Exercise instructions ▸ Copy word for word the lines in the records below, starting at the line with "White snowflakes on blue pillowcase" and ending at the line with "영국 해운조사기관인 베셀즈밸류에". Skip the pictures.

Recorded data ▸

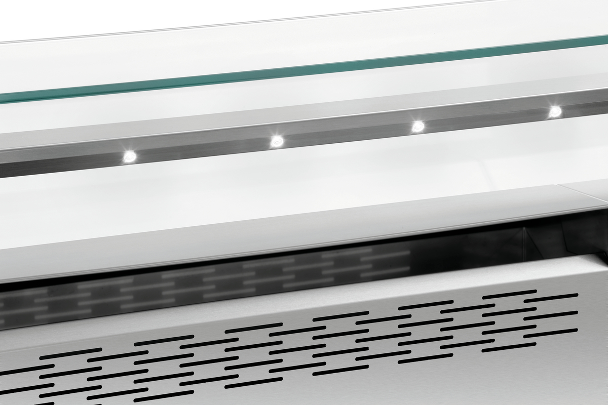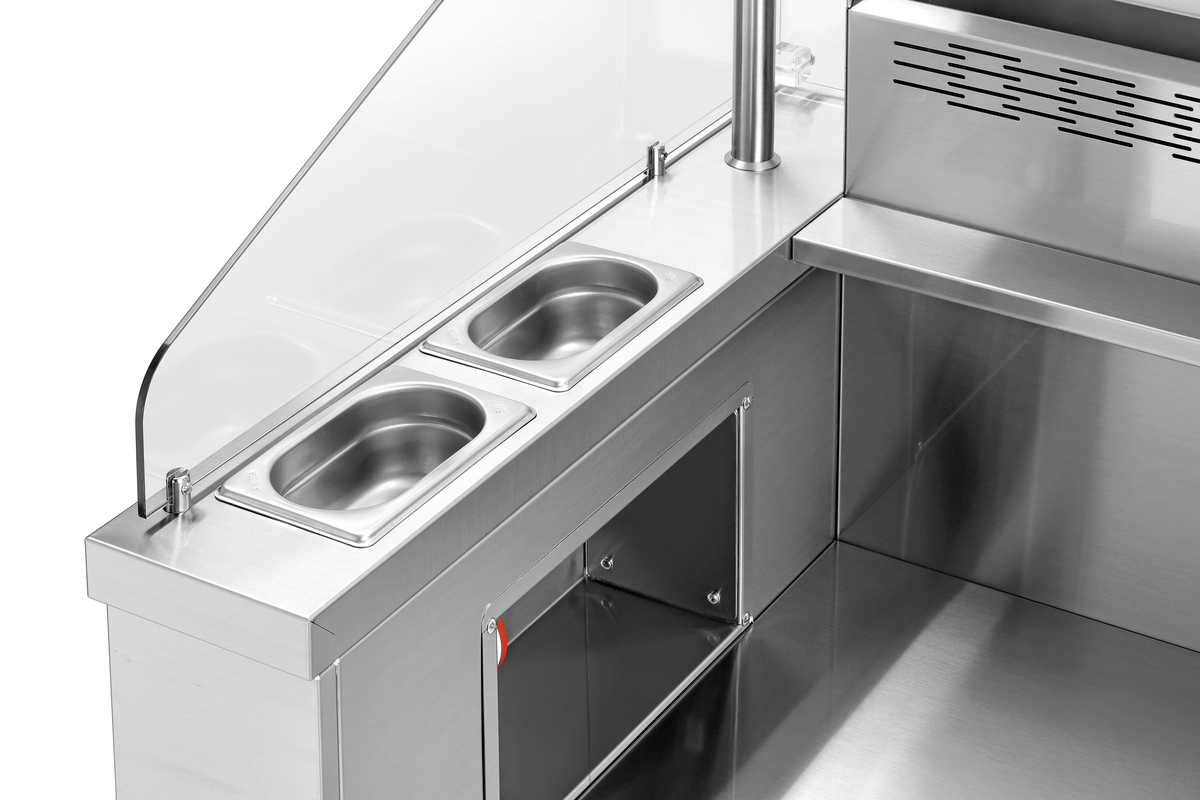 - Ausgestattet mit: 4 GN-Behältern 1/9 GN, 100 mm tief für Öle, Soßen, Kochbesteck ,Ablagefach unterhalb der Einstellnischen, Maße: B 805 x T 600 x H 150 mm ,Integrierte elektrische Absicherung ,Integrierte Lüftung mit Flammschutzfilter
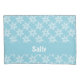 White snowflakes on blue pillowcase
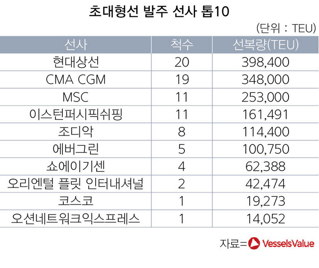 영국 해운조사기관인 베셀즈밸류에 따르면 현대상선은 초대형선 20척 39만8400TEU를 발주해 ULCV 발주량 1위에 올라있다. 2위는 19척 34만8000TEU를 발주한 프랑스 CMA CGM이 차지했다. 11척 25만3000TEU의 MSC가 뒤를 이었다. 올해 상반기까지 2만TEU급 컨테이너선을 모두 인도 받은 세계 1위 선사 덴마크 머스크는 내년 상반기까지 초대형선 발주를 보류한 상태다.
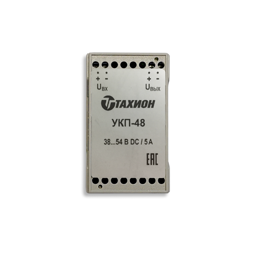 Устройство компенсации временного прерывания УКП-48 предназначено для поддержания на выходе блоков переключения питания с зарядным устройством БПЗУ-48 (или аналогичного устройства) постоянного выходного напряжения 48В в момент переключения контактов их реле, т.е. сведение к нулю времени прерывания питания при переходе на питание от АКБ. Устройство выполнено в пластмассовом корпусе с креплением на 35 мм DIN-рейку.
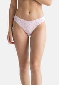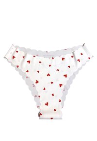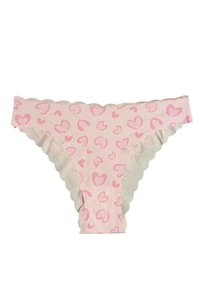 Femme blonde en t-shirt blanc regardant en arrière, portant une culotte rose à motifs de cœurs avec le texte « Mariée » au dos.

Result below ▸
 White snowflakes on blue pillowcase
 영국 해운조사기관인 베셀즈밸류에 따르면 현대상선은 초대형선 20척 39만8400TEU를 발주해 ULCV 발주량 1위에 올라있다. 2위는 19척 34만8000TEU를 발주한 프랑스 CMA CGM이 차지했다. 11척 25만3000TEU의 MSC가 뒤를 이었다. 올해 상반기까지 2만TEU급 컨테이너선을 모두 인도 받은 세계 1위 선사 덴마크 머스크는 내년 상반기까지 초대형선 발주를 보류한 상태다.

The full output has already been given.